派遣職員ありがとう 本年度で終了 延べ974人受け入れ 職員厚生会が感謝の集い 震災復興業務に尽力(別写真あり)

▲ 佐々木市長らと和やかに懇談する派遣職員

 陸前高田市職員でつくる互助組織・市職員厚生会(千葉達会長理事)は19日、市役所で派遣職員感謝の集いを開いた。東日本大震災後の同市への職員派遣は、国の第2期復興・創生期間が終わる本年度が最後となり、今月末に派遣元に戻る6人を含め、これまでに延べ974人が復旧・復興のために働いた。市職員らは和やかに会食しながら、応援職員に感謝の気持ちを伝えた。(高橋 信)


 派遣元に戻る職員は盛岡市、一関市、奥州市、愛知県名古屋市、国際協力機構(JICA)各1人の計5人。感謝の集いには派遣職員のほか、佐々木拓市長、石渡史浩副市長、山田市雄教育長、千葉会長理事ら約20人が参加した。
 佐々木市長は一人一人の働きぶりを振り返りながら感謝の気持ちを伝え、「別れはとても寂しいが、派遣元の組織とこれまで以上に親密な交流をしていきたい。

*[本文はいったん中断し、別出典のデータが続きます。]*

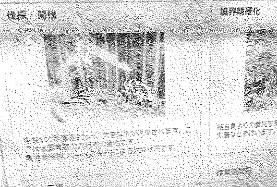
高性能機械を大木の伐採に活用している様子を紹介した美山町森林組合のホームページ

同振興局農林商工部によると、最大面積を占め、全国有数の大木産地として知られる。間伐材を資源化して森林所有者に収益を還元する取り組みを、2006年度から始めている。11年度から14年度にかけて、高性能林業機械を導入している。この結果、11人・3班による作業の労働生

ぜひまた陸前高田に足を運んでほしい」と呼びかけた。
 その後、昼食をとりながら懇談。派遣職員は配属先の幹部職員らから労をねぎらわれ、和やかに交流を深めた。
 陸前高田市は震災後の平成23年度から、他自治体などから派遣職員を受け入れてきた。市によると、年間で最大116人が派遣され、大規模な復旧・復興事業を支えてきた。
 奥州市から派遣され、令和5年度から3年間福祉課で勤務した小野寺歩さん(61)は、派遣期間が帰任者5人の中で最長となった。「3年間皆さんに支えられた。市民が生き生きと暮らしており、幸せを分けてもらったような気持ち。週末などに遊びに来たい」と話した。
 交流推進課で2年間働いた鍬田伸利さん(59)=JICA派遣=は、国際交流関係の事業に携わり、陸前高田市と海外を結ぶ架け橋の役割を担った。「クレセントシティやシンガポールに高田高生を連れて行き、私にとっても大きな経験となった。市内に住む外国人は市人口の1%を超え、県平均よりも高い。これからも国際交流を応援したい」と語った。